А на душу камень лег: не мог Зорко соблюсти запрет матери рода и запрет нарушил. А следить за ним никто не следил: не могли помыслить, что можно такой запрет нарушить, да Зорко со своим художеством никому и не показывался. Уходил куда подальше, где редко кто из печища бывает, и там работал. И еще один из всех в печище начал он с проезжими людьми разговоры вести об иных краях и тамошних обычаях. А потом старик калейс объявился. Не сказать, чтобы шибко влекли Зорко чужие края, но понимал он, чем дальше, тем яснее, что только там сможет он тем заняться, к чему душа лежит, что ему судьбой предписано. Свияга Некрасевна вскоре — год минул — гнев на милость сменила: Зорко и вправду не только в художестве, но и в рукомесле изрядный толк знал; может быть, и просили за него мастера, и холсты красить да с кожей работать дозволено было ему, а после и по дереву резать разрешили. Только это уже не могло отвратить Зорко от принятого решения: не было ему места в роду, какое бы и ему по нраву было, и роду не в тягость. А раз так, то и следовало уходить.

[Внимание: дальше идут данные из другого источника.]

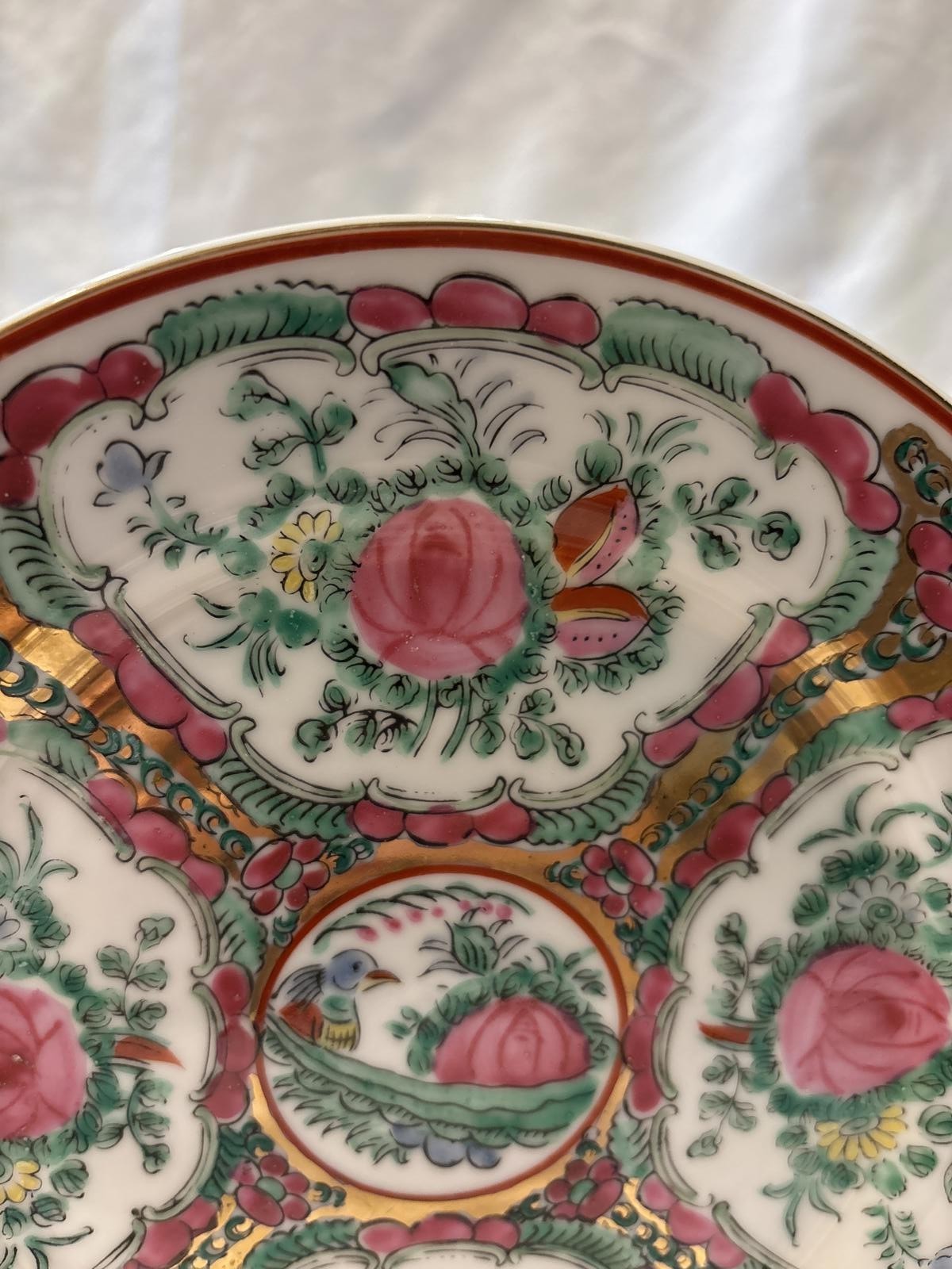 A highly collectible style of Chinese export high-quality porcelain. Date to a transition period between the Late Qing Dynasty (c. 1875–1911) and the early Republic period (1912–1930s), reflecting the high-quality craftsmanship intended for Western markets. Features a circular centerpiece depicting a peony (symbolizing wealth and honor) & a bird. Surrounded by 4 alternating panels depicting flowers. Decorated with vibrant, low-fired overglaze enamels in the "Famille Rose" style, dominated by shades of pink and carmine, alongside green, yellow, and blue. The panels are outlined with borders of green tendrils and a gilt (gold) ground. The rim features a gold band. A standard size for salad or dessert service. The "Fu" (福) mark on the base signifies "Good Fortune" or "Blessing". The presence of a mark is for export wares from the late 19th and early 20th centuries. Late Qing (1875–1911) feature highly detailed painting and gold highlights. Excellent condition.

И была Плава. Печище у Серых Псов большое было, но все друг друга знали, и дети у всех росли, почитай, вместе. И Зорко с Плавой друг друга сызмальства знали. Знали и знали, покуда не встретили оба девятнадцатую весну. Словно кто с глаз у Зорко пелену снял, и посмотрел он на Плаву по-иному, а как посмотрел, то глаз уж отвести не мог. И не опустил взора, когда Плава его ответным взглядом подарила.
С тех пор не разлучались они и никого вокруг не видели. Плава все знала, что Зорко творит, и только радовалась, когда были у него удачи, и утешала, если вдруг не получалось что. Но про то, чтобы свадьбу играть, речи не заходило: знала она, что Зорко уйдет, а все равно расстаться с ним не хотела и толков по печищу не боялась. Да и не было толков: если кто и смотрел косо, так только Рокот, но и тот лишь за тем следил, чтобы Зорко опять непотребства малевать ни принялся. Не уследил.
Зорко и Плава в то же лето — двадцатое уже у обоих — стали мужем и женой, только никто об этом не знал. А может, и знали, да не говорили. Такое, чтобы молодец и девица до свадьбы любились, не было редкостью. Но тут дело в другом состояло: кому бы понравилось, что хорошая девушка, да с таким непутевым, как Зорко, встречалась? Ясно было, что такой или по добру из печища уйдет, или вовсе будет изгнан, как волк-оборотень. Может, кому-то и не нравилось это, но Зорко и Плава больше смотрели за тем, как бы снова ведун, или матери рода, или кто другой не узнали, что Зорко к прежним своим занятиям вернулся, нежели любовь свою от чужих глаз таили.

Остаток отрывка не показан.